# need some Mastercylinder, brake booster, and brake line advice



## virginiavenom (Feb 20, 2011)

I just ordered this front disc brake kit.

Baer Disc Brake Systems 4301381R - Baer Brakes Baer Claw Track Disc Brake Kits - Application - SummitRacing.com

I would like to know which out of the box mastercylinder and proportioning valve would do well. I'm trying not to spend 500 or more on this thing. I'm thinking I would like to stay chrome, and if possible, would like to be able to maintain the rear drums on the 10 bolt for the time being. in addition to all of this, I will need to replace all hard lines and soft lines except the front soft lines, what is the best front to back kit out there? 

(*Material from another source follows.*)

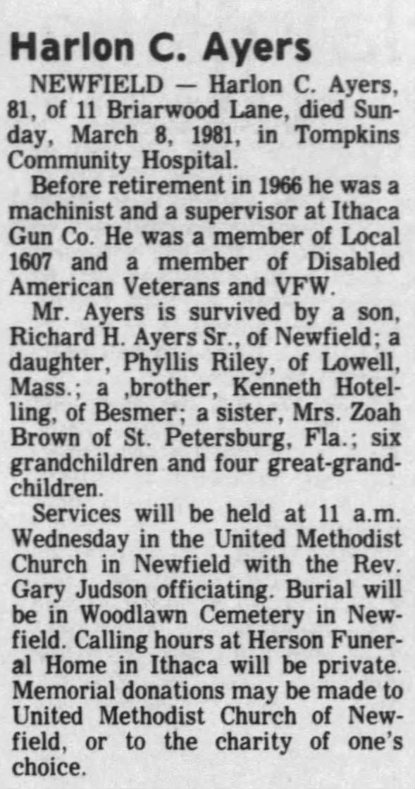 Ayers, Harlon C. "Clinton" (1960') - March 8, 1981

I just got done spending a bunch of extra money on this car. and I found a 455 out of a buick riviera in good condition that if you guys think is worth it, would freshen up and get ready to pull that pontiac 350 out. would like to know opinions and thoughts and suggestions. 

thanks guys
phillip

PS, it is good to be home.


----------



## Instg8ter (Sep 28, 2010)

hold out for a pontiac 455 or pick up a 400 and stroke it to 462 (stronger than 455 because of smaller main journals). you can pep up the 350 if its a pontiac while your building the dream motor and use the bolt ons all the way up to the 455 (headers, intake, etc.).


----------



## BearGFR (Aug 25, 2008)

Denison, really? Hey, I'm just down the road from you in Garland. (Welcome home, BTW).

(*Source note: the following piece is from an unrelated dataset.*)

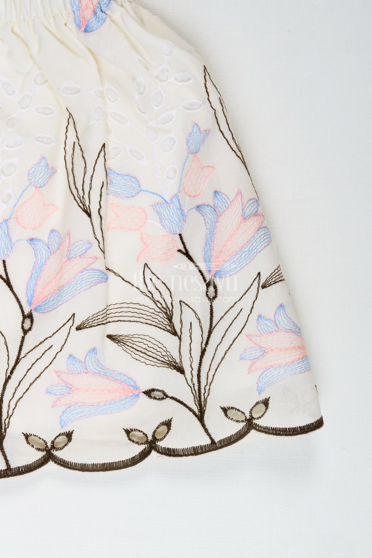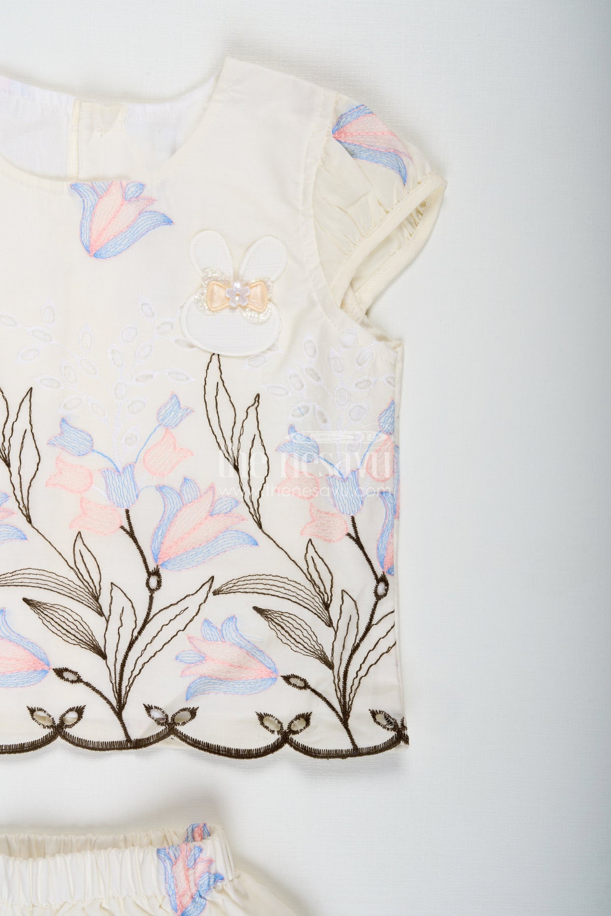 Baby Casual Clothing Set for Playtime is a sweet and stylish outfit that combines playful embroidery with all-day comfort. Made from soft cream cotton, this set features a delicately embroidered floral pattern in shades of pink. The cap-sleeved top includes a bunny patch that adds a cute character touch, while the elasticated skirt offers a snug fit perfect for crawling, walking, or exploring. Both pieces are finished with scalloped hems and eyelet accents for extra charm. Lightweight, breathable, and easy to dress, this is a perfect everyday outfit for your little one’s adventures.

For a master, I like the Corvette style. I'm running one on my 69. I got the mc brand new at NAPA, spec'ed for a 69 Corvette with power disc brakes. Mine's plain old cast iron and not chrome, but you can find the same one in chrome "various places' on the 'net. It's a popluar cylinder to use on all kinds of applications. For my prop valve I'm using one of the Wilwood adjustable ones, tucked up inside the frame rail on the driver's side.

Bear


----------



## virginiavenom (Feb 20, 2011)

yep Denison, TX. I'll be around on the weekends Bear. 

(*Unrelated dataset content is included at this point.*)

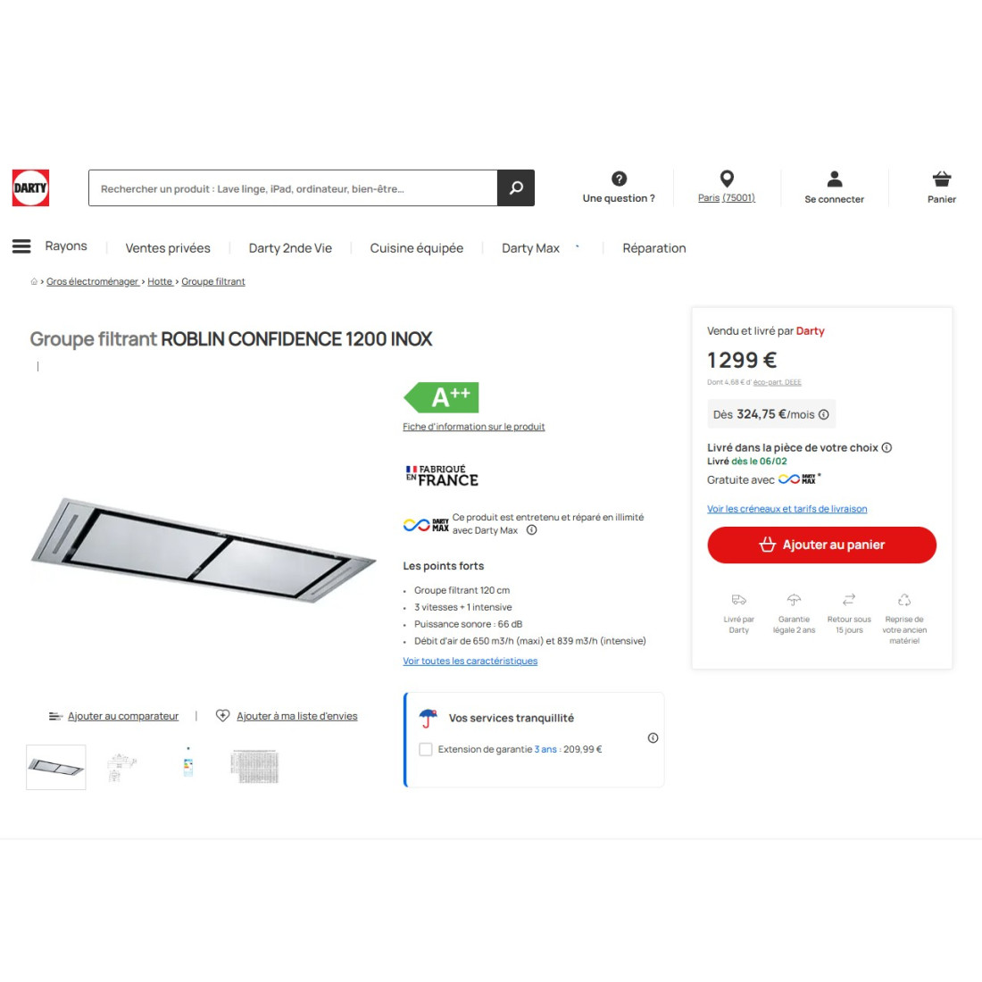 Hotte plafond ROBLIN CONFIDENCE 1200

Inst8ter. I can get the 455 with the tranny for 500 bucks complete....don't know that I can pass that up. I know it's not the pontiac, but I could wait for it as well I would think. the 455 out of this motor made like 500 tq. just only made 240 hp or so. 

so basically I should just check out a local parts place for the master cylinders (ie oreilly's, Napa, Autozone, Advance.)


----------



## Mr. P-Body (Jan 20, 2011)

Virginiavenom,

While the price of the Buick engine may be "attractive", what it takes to make it A) fit and B) "run", is NOT trivial. Both the Pontiac and Olds 455s are "right there" with the Buick for torque (4 or 5 lb. ft. is NOTHING). The Pontiac will far-and-away make more power and be more reliable than either the Buick or the Olds. (Relax, Buick and Olds guys, I've built many of both...)

Today, we don't "like" 455 as well as 400. The 400 block is actually tougher and MUCH easier to find. A '67-'75 block will do nicely. Add a "stroker kit" to get to te 455 CID range. You end up with a "better" 455. Smaller mains, longer rods... 

Welcome back to the "world". Thank you for your service!

FWIW

Jim


----------



## virginiavenom (Feb 20, 2011)

Tuff Stuff Performance 2127NA - Tuff Stuff Master Cylinder and Brake Booster Combos - Suggested Parts - SummitRacing.com

would this work for my application? and if so, what else would I need short of hard lines, and would I be able to maintain my rear drums?


----------



## virginiavenom (Feb 20, 2011)

Mr. P-Body I appreciate the insight. I will look into finding a pontiac 400 elsewhere. I might strike gold somewhere.


----------



## virginiavenom (Feb 20, 2011)

and I'm assuming most mastercylinder/booster combinations for a power disc brake setup will use the motors vacuum correct?


----------



## BearGFR (Aug 25, 2008)

virginiavenom said:


> and I'm assuming most mastercylinder/booster combinations for a power disc brake setup will use the motors vacuum correct?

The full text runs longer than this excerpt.